### Entries supplied

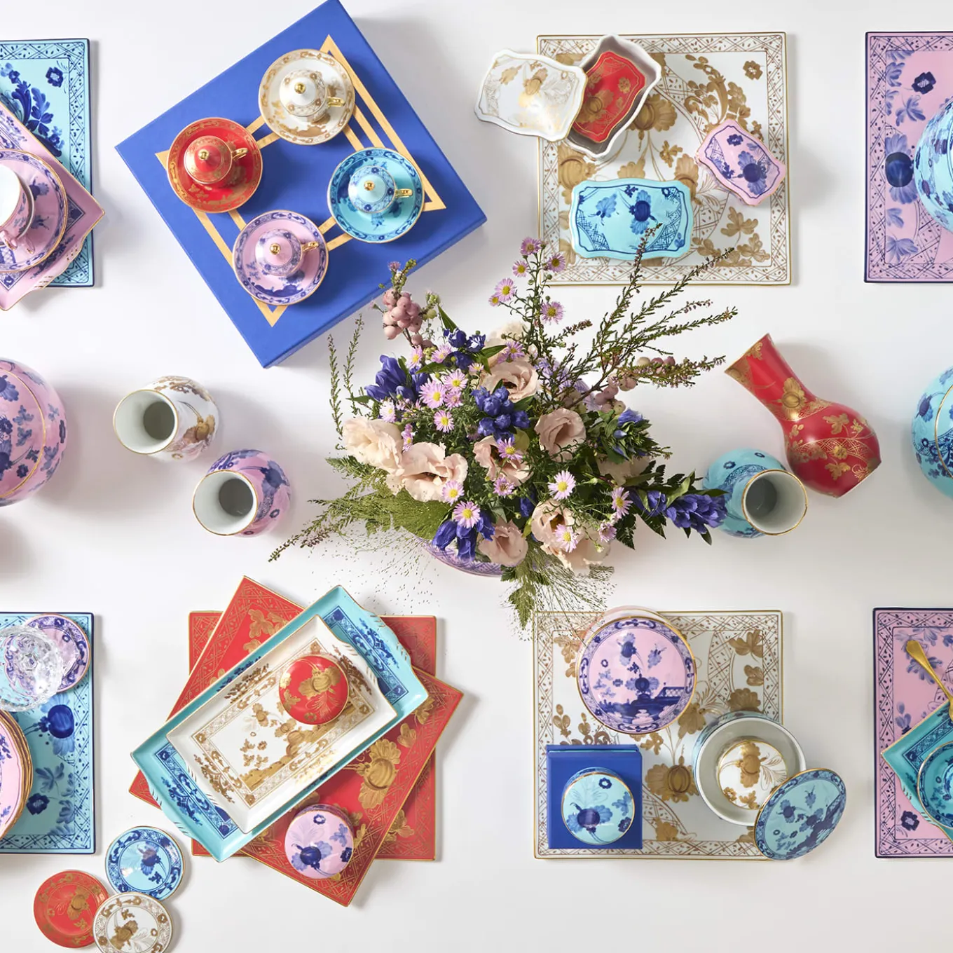 The large Porcelain Trinket Box in the Iris pattern with gold trim from the Oriente Italiano Collection features a striking blue floral motif against an iris blue background, accented by gold trim—a hallmark of Ginori 1735’s craftsmanship. In this collection, the iconic Garofano (Carnation) flower turns porcelain into refined art. Complete your décor with coordinating tableware, tea and coffee sets, and room diffusers.
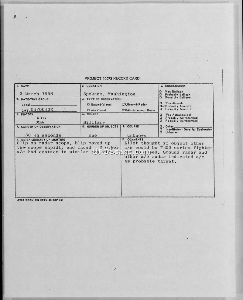 Project 10073 Record Card — Spokane, Washington, 3 March 1956
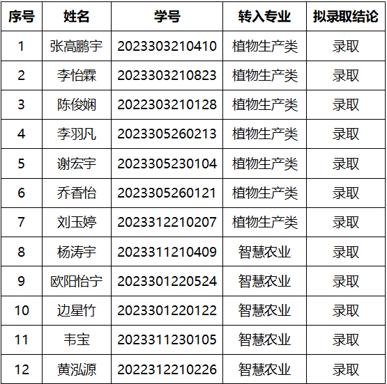 与智慧农业书院工作方案》,经学生自主申请,我院于2024年1月4日组织专家对学生的综合知识结构、思维能力、语言表达能力、个性品质等综合素质进行考核。根据考核结果及第一学年成绩GPA核算录取成绩后,拟录取张高鹏宇等12名学生进入2023级智慧农业或植物生产类专业学习,现将名单公示如下:
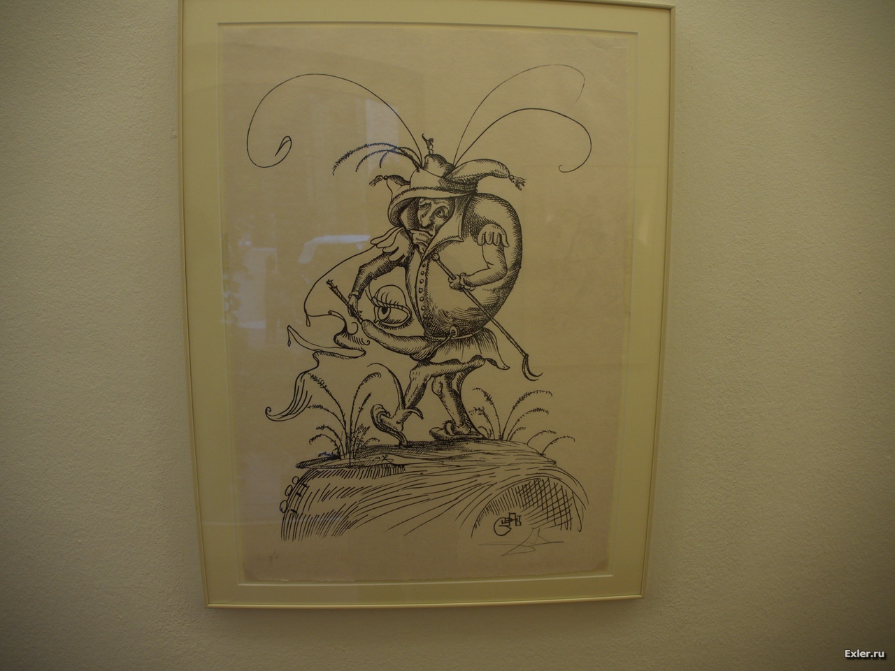 А это склеп с телом самого Дали - да-да, он похоронен в этом музее. В зале со склепом выставляются его ювелирные работы. У склепа тоже обожают фотографироваться туристы, несмотря на то, что там очень темно, а снимать со вспышкой в музее не разрешают нигде. Поэтому я минут десять ждал, чтобы успеть щелкнуть надгробную плиту без "Люся, дивись який я гарний у трупа Дали". Впрочем, большинство фотографирующихся не в курсе, что это склеп, и что здесь захоронен Дали. Кстати, он действительно был маркиз - это звание ему было пожаловано королем.
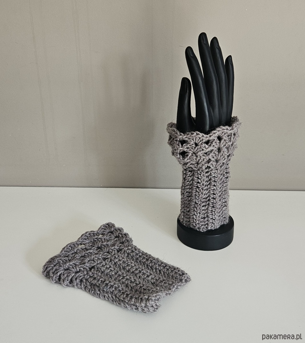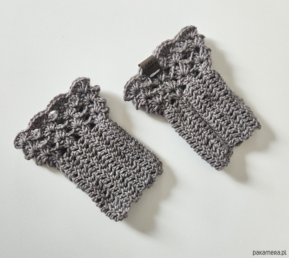Ręcznie wykonane mankiety z miękkiej wełny. Ogrzewają nadgarstki, a jednocześnie zostawiają palce wolne, dzięki czemu są bardzo wygodne na co dzień.
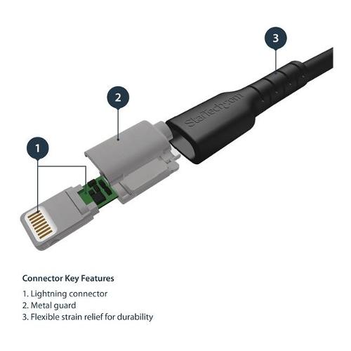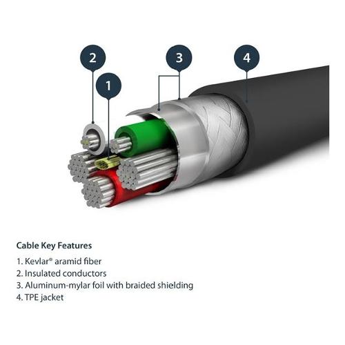 Dotato di rinforzo in fibra aramidica Kevlar®, questo resistente cavo Lightning è protetto dalle sollecitazioni indotte dalle frequenti piegature e torsioni e resiste quindi alla flessione senza stiramenti eccessivi.
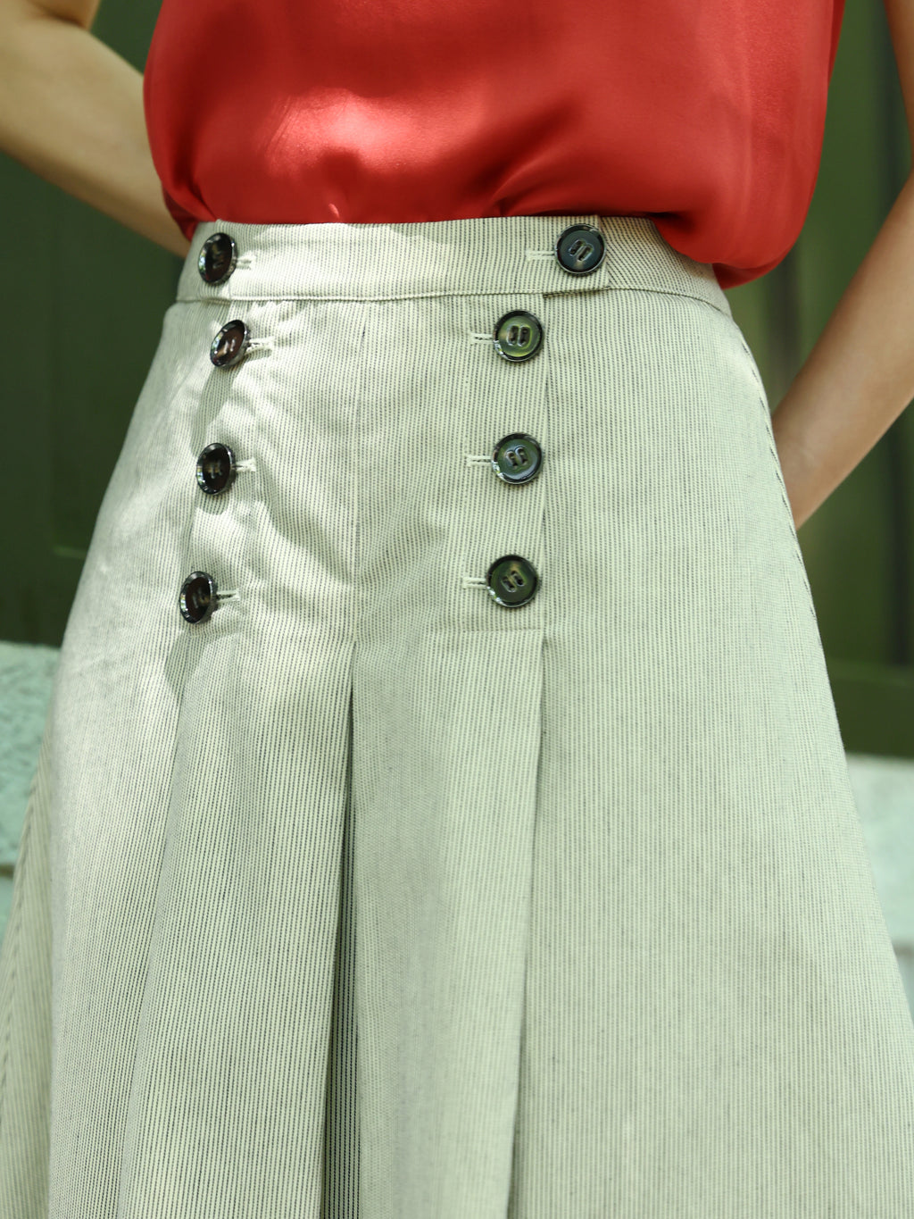 This knee-length skirt pairs tailored elegance with everyday ease. Designed with soft pleats and a gently flared silhouette, it features a double-breasted button front that adds a structured, modern touch. The fine pinstripes lend quiet sophistication, making it ideal for both work and casual wear. Available in light grey pinstripe and timeless black.
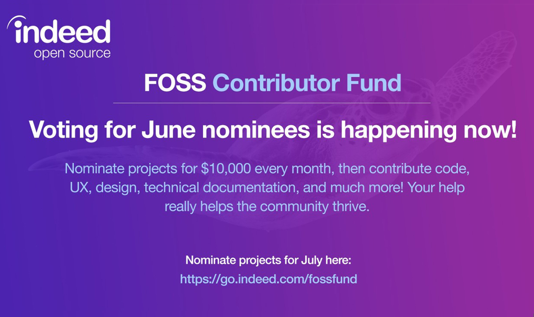 My time helping kickoff Indeed’s Free and Open Source Software Contributor Fund -- meant to empower Indeed's employees to nominate and vote on open source projects that the company uses, awarding monthly financial donations to the selected projects in support of the broader open source ecosystem.
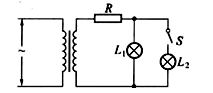 如图所示,理想变压器副线圈通过导线接两个相同的灯泡L1和L2。导线的等效电阻为R。现将原来断开的开关S闭合,若变压器原线圈两端的电压保持不变,则下列说法中正确的是 ( )![]()
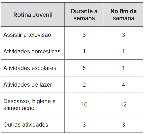 De acordo com esta pesquisa, quantas horas de seu tempo gasta um jovem entre 12 e 18 anos, na semana inteira (de segunda-feira a domingo), nas atividades escolares?

######

Try it:
When the listing is transcribed, every line must match the original exactly, and the pictures must be left out.

Completed exercise:
 The large Porcelain Trinket Box in the Iris pattern with gold trim from the Oriente Italiano Collection features a striking blue floral motif against an iris blue background, accented by gold trim—a hallmark of Ginori 1735’s craftsmanship. In this collection, the iconic Garofano (Carnation) flower turns porcelain into refined art. Complete your décor with coordinating tableware, tea and coffee sets, and room diffusers.
 Project 10073 Record Card — Spokane, Washington, 3 March 1956
 与智慧农业书院工作方案》,经学生自主申请,我院于2024年1月4日组织专家对学生的综合知识结构、思维能力、语言表达能力、个性品质等综合素质进行考核。根据考核结果及第一学年成绩GPA核算录取成绩后,拟录取张高鹏宇等12名学生进入2023级智慧农业或植物生产类专业学习,现将名单公示如下:
 А это склеп с телом самого Дали - да-да, он похоронен в этом музее. В зале со склепом выставляются его ювелирные работы. У склепа тоже обожают фотографироваться туристы, несмотря на то, что там очень темно, а снимать со вспышкой в музее не разрешают нигде. Поэтому я минут десять ждал, чтобы успеть щелкнуть надгробную плиту без "Люся, дивись який я гарний у трупа Дали". Впрочем, большинство фотографирующихся не в курсе, что это склеп, и что здесь захоронен Дали. Кстати, он действительно был маркиз - это звание ему было пожаловано королем.
Ręcznie wykonane mankiety z miękkiej wełny. Ogrzewają nadgarstki, a jednocześnie zostawiają palce wolne, dzięki czemu są bardzo wygodne na co dzień.
 Dotato di rinforzo in fibra aramidica Kevlar®, questo resistente cavo Lightning è protetto dalle sollecitazioni indotte dalle frequenti piegature e torsioni e resiste quindi alla flessione senza stiramenti eccessivi.
 This knee-length skirt pairs tailored elegance with everyday ease. Designed with soft pleats and a gently flared silhouette, it features a double-breasted button front that adds a structured, modern touch. The fine pinstripes lend quiet sophistication, making it ideal for both work and casual wear. Available in light grey pinstripe and timeless black.
 My time helping kickoff Indeed’s Free and Open Source Software Contributor Fund -- meant to empower Indeed's employees to nominate and vote on open source projects that the company uses, awarding monthly financial donations to the selected projects in support of the broader open source ecosystem.
 如图所示,理想变压器副线圈通过导线接两个相同的灯泡L1和L2。导线的等效电阻为R。现将原来断开的开关S闭合,若变压器原线圈两端的电压保持不变,则下列说法中正确的是 ( )![]()
 De acordo com esta pesquisa, quantas horas de seu tempo gasta um jovem entre 12 e 18 anos, na semana inteira (de segunda-feira a domingo), nas atividades escolares?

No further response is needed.